WHAT YOU WILL DO:
The copy must match the data word for word and contain no pictures.
== SUPPLIED INFORMATION
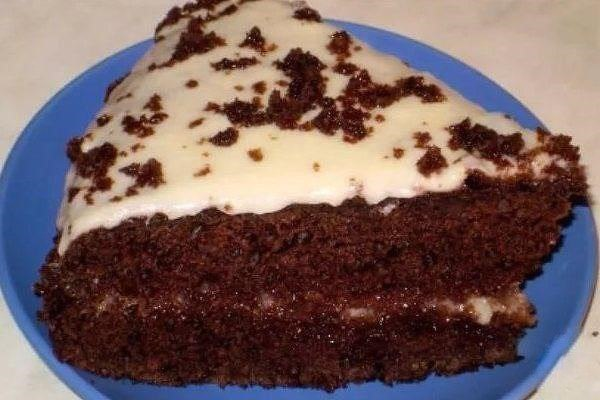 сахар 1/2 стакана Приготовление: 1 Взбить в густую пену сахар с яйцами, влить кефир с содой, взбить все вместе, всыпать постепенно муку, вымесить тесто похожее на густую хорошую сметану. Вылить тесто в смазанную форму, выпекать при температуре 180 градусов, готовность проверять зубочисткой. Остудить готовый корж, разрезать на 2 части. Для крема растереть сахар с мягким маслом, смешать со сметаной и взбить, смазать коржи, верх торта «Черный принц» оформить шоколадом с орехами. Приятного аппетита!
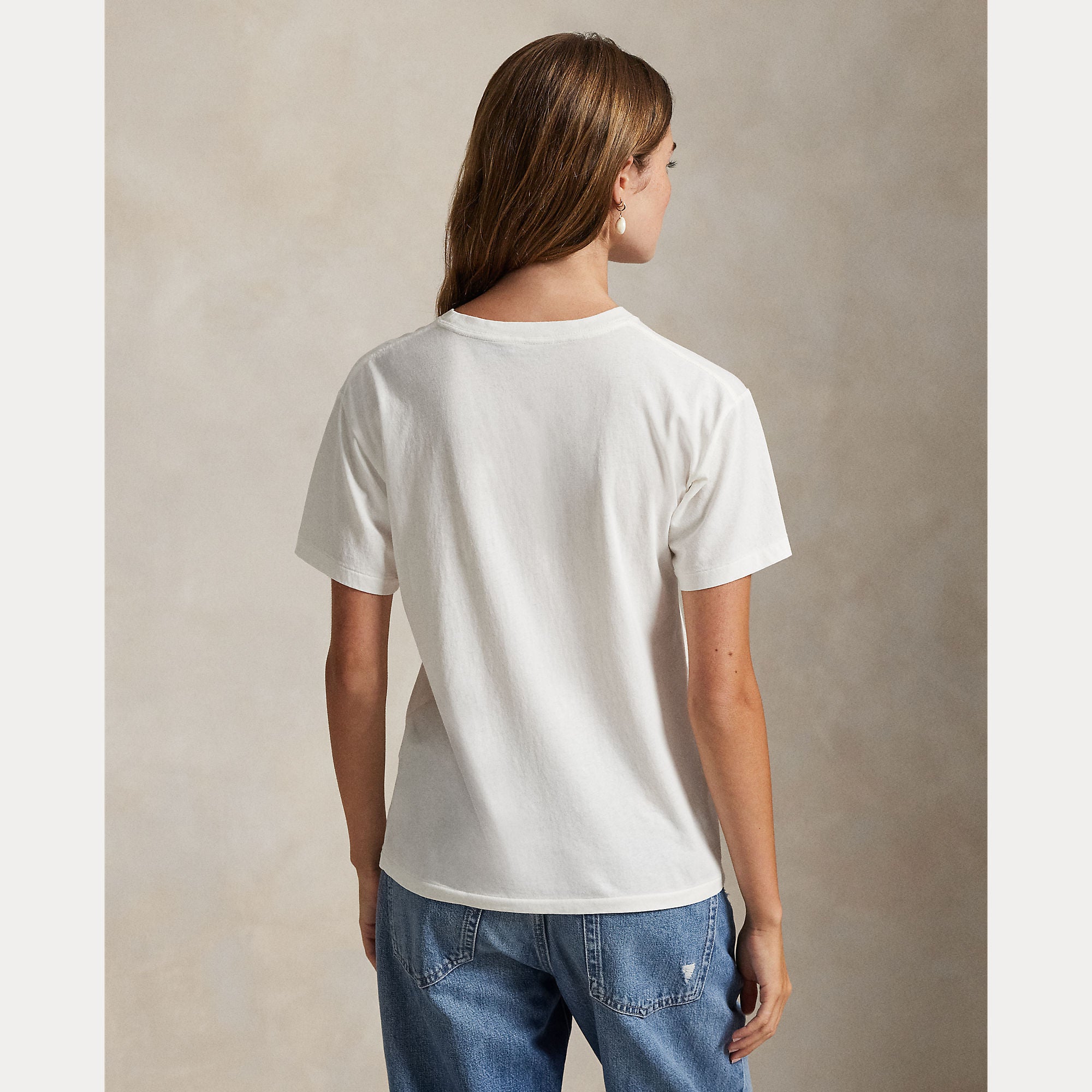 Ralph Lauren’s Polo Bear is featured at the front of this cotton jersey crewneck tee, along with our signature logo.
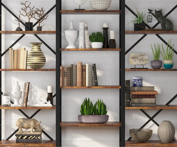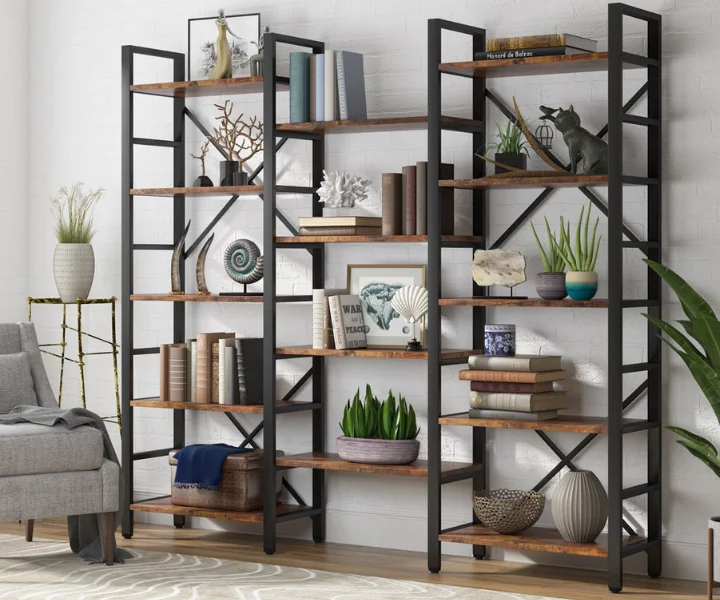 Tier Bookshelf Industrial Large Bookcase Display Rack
====
COMPLETED TASK:
 сахар 1/2 стакана Приготовление: 1 Взбить в густую пену сахар с яйцами, влить кефир с содой, взбить все вместе, всыпать постепенно муку, вымесить тесто похожее на густую хорошую сметану. Вылить тесто в смазанную форму, выпекать при температуре 180 градусов, готовность проверять зубочисткой. Остудить готовый корж, разрезать на 2 части. Для крема растереть сахар с мягким маслом, смешать со сметаной и взбить, смазать коржи, верх торта «Черный принц» оформить шоколадом с орехами. Приятного аппетита!
 Ralph Lauren’s Polo Bear is featured at the front of this cotton jersey crewneck tee, along with our signature logo.
 Tier Bookshelf Industrial Large Bookcase Display Rack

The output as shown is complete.